We can unlock massive potential through automating predictable tasks like formatting, metadata extraction, dossier building and basic quality checks. By limiting expert involvement in such activities, we increase capacity for strategic, complex tasks.
Creating interdisciplinary teams with new skills in data literacy
We need self-organising, interdisciplinary teams to address digital disruption, specifically the approval and licencing of algorithms and digital assets for precision and personalised medicine.
In addition, we need fresh perspectives on what this new way of organising teams means for regulation, product safety and how efficacy is evaluated. New, cross-functional teams will centre on therapeutic areas, bringing together disciplines in regulatory strategy, digital health, clinical, safety, medical affairs, data stewardship and local market expertise.
Proactive health authority exchanges, social listening and intelligence gathering
Continuous dialogue with regulators and policymakers, e.g. the FDA, MHRA, WHO etc., helps bridge industry, customer and regulatory needs.

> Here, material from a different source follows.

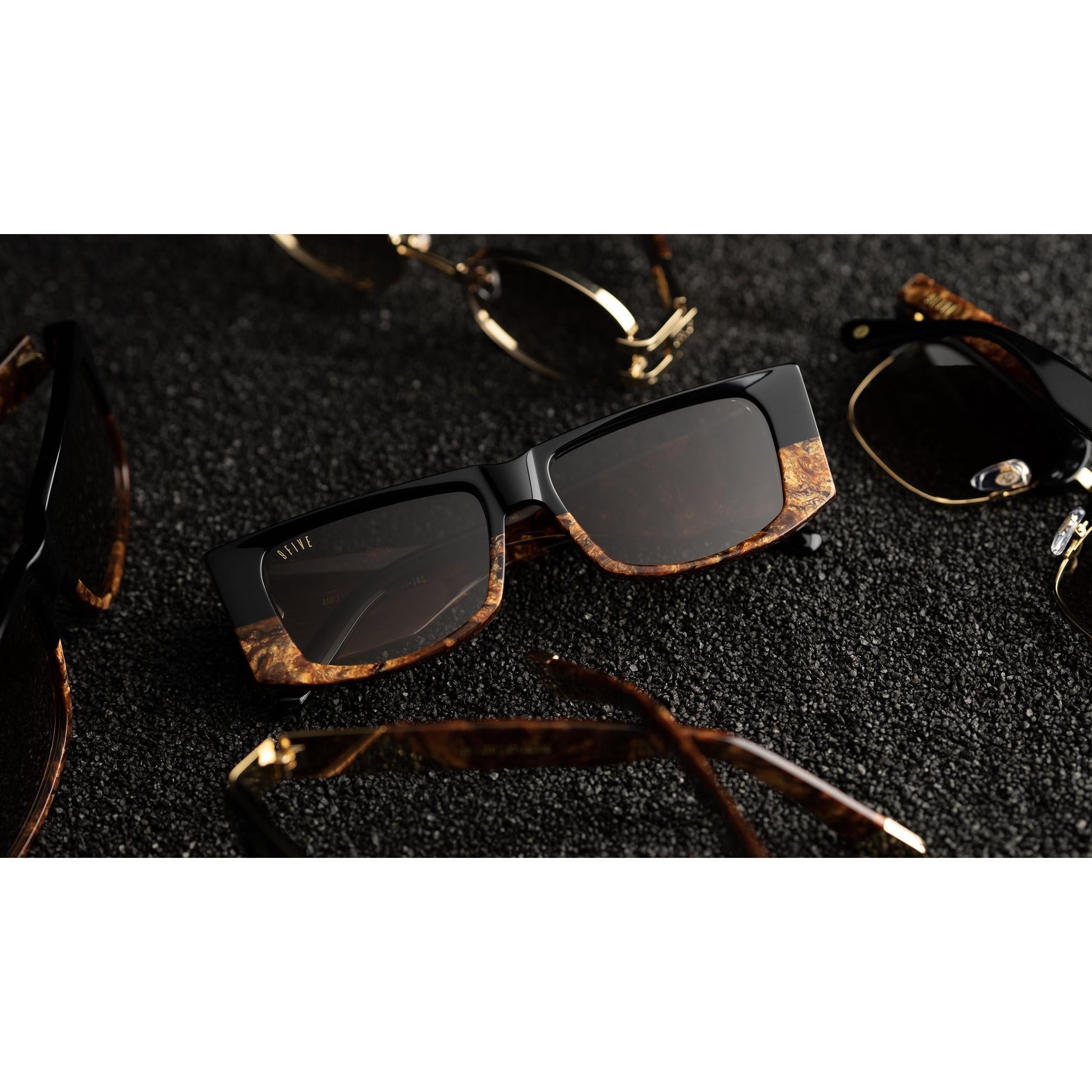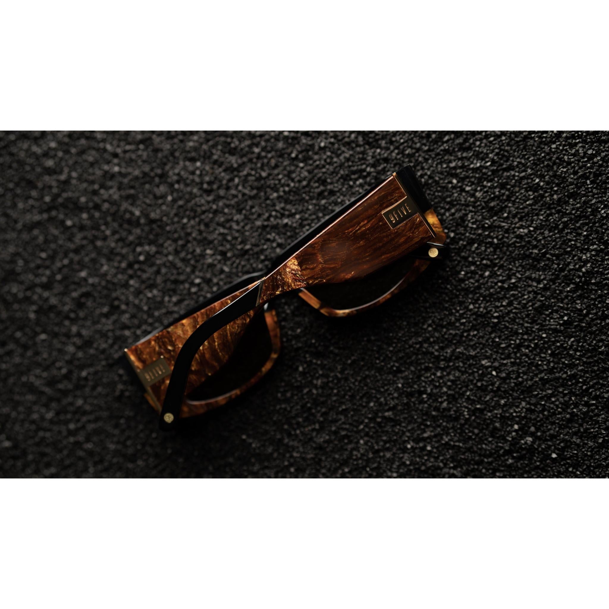- Gold metal 9FIVE monogram coin embedded on left and right temple tip
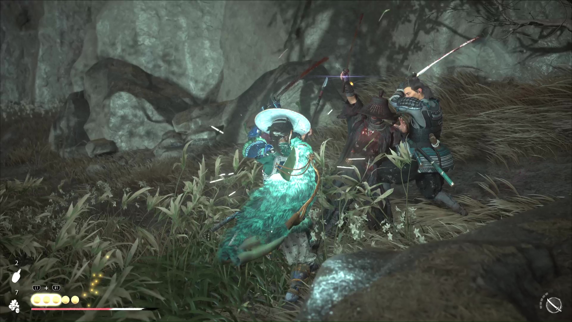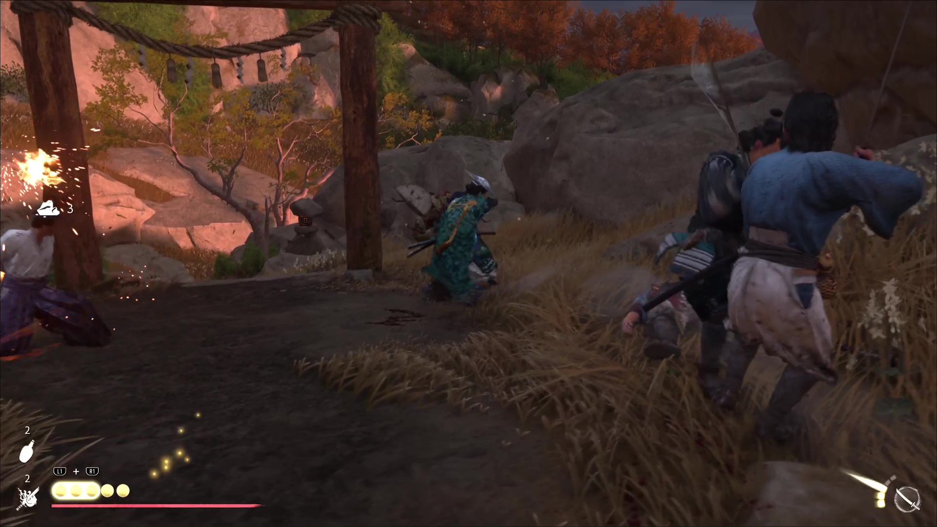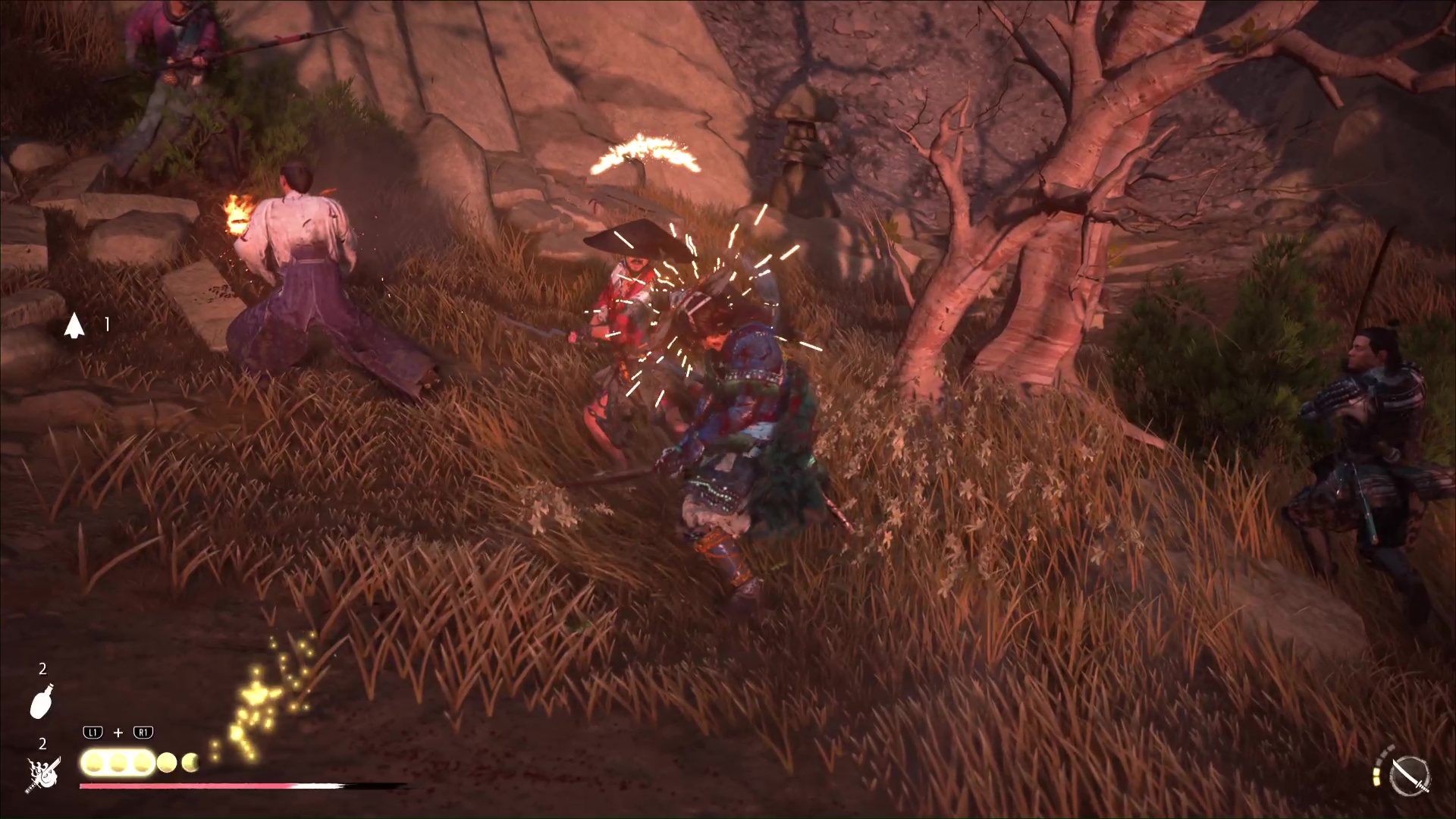 Testez-la tout de suite face aux ronin plus bas en sachant que, de base, l’effet ne dure pas très longtemps. N’oubliez pas de prendre des munitions auprès de Goro. Une fois la première vague de ronin battue, continuez de vous battre face à une deuxième, un peu plus loin.

Effective regulatory teams gather market and regulatory intelligence through “social listening” tools to better understand patients’ unmet needs, behaviour patterns and trends in health issues.
Social listening is about monitoring digital conversations amongst stakeholders (typically in the news and social media) to get insights into what people and groups are saying about their experiences with products.

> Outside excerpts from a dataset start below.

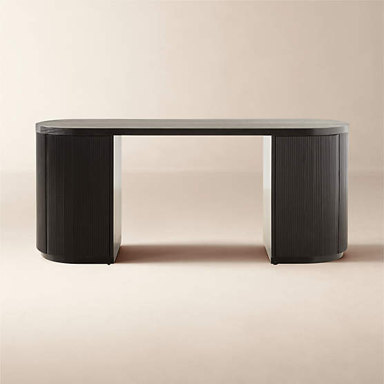 The Reid 70″ Oval Black Wood Storage Desk is a striking executive desk that blends sculptural design with practical storage. Designed
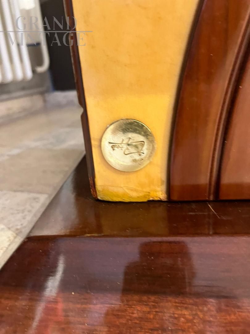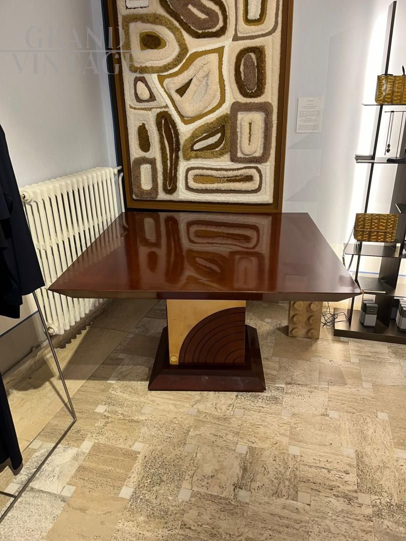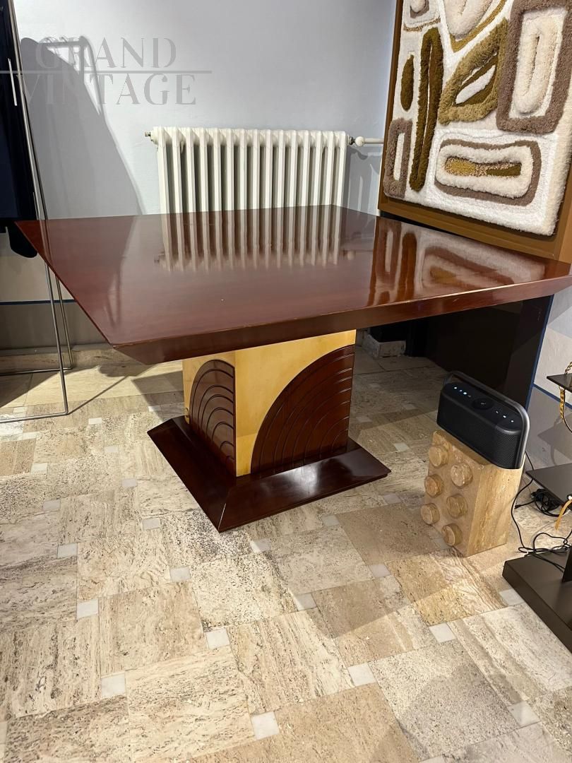 Bellissimo e raro tavolo design di Luciano Frigerio degli anni '60 in legno rivestito in pergamena e mogano, perfettamente tenuto. Il tavolo si compone di 3 pezzi da assemblare, è quindi pratico anche lo spostamento. Non particolarmente grande, il tavolo si adatta anche agli ambienti poco spaziosi.
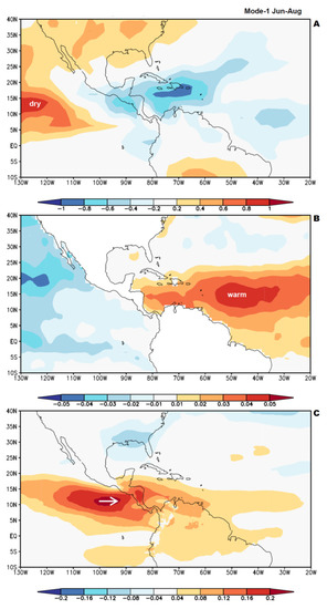 - Gamble, D.W.; Parnel, D.B.; Curtis, S. Spatial variability of the Caribbean mid-summer drought and relation to the north Atlantic high. Intl. J. Climatol. 2008, 28, 343350. [Google Scholar] [CrossRef]
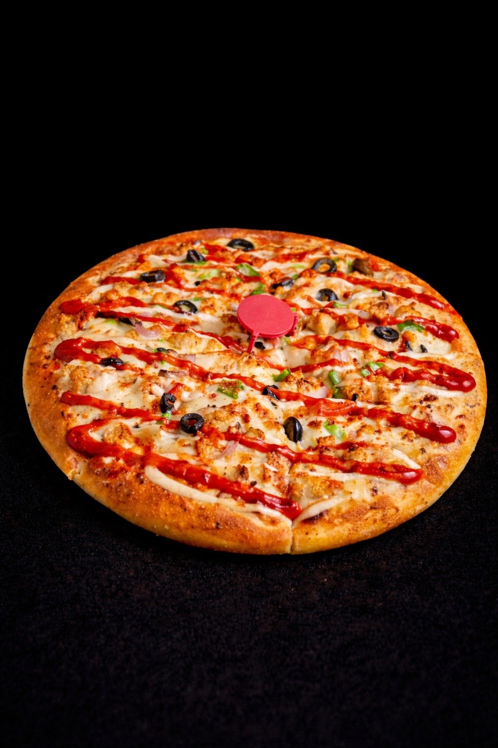 Buffalo hot pizza loaded with spicy buffalo chicken, fresh vegetables, rich tomato sauce, and melted mozzarella cheese on a crispy crust.
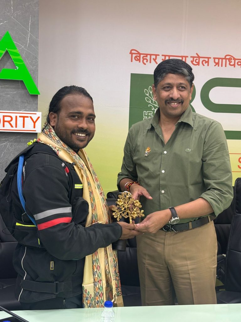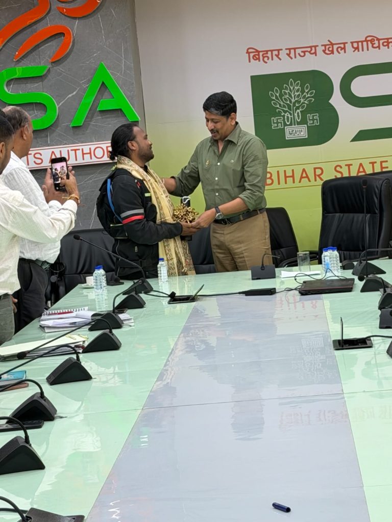 बिहार राज्य खेल प्राधिकरण के महानिदेशक सह मुख्य कार्यकारी अधिकारी श्री रवीन्द्रण शंकरण ने अंग वस्त्र और बोधी वृक्ष का प्रतीक चिह्न देकर उनका अभिनंदन और उत्साहवर्धन किया।

Social listening provides relevant, voluminous high-velocity data. Therefore, it becomes imperative that we establish a “data-to-insights” process to filter, analyse and summarise the vast quantities of social data to avoid becoming overwhelmed.
Building a shared, insight-driven big picture
The ability to capture and mine data sources around product activity improves the overall regulatory strategy and innovation and will accelerate approvals.
We need to build a common, visual, easy-to-understand submission pipeline for stakeholders to see and thus enable insight-driven decision-making on product strategy.
This means accessing new data sources to support decision-making (e.g. real-world evidence, biomarkers and patient insights), forcing a change in how evidence is evaluated.
Effective forecasting, priority setting and flexible resource management
Accurate forecasting enabling dynamic priority setting and flexible central planning are at the heart of making regulatory affairs effective. This, in turn, helps direct R&D because it explores new modalities (as seen with RNAi in the COVID-19 vaccine design).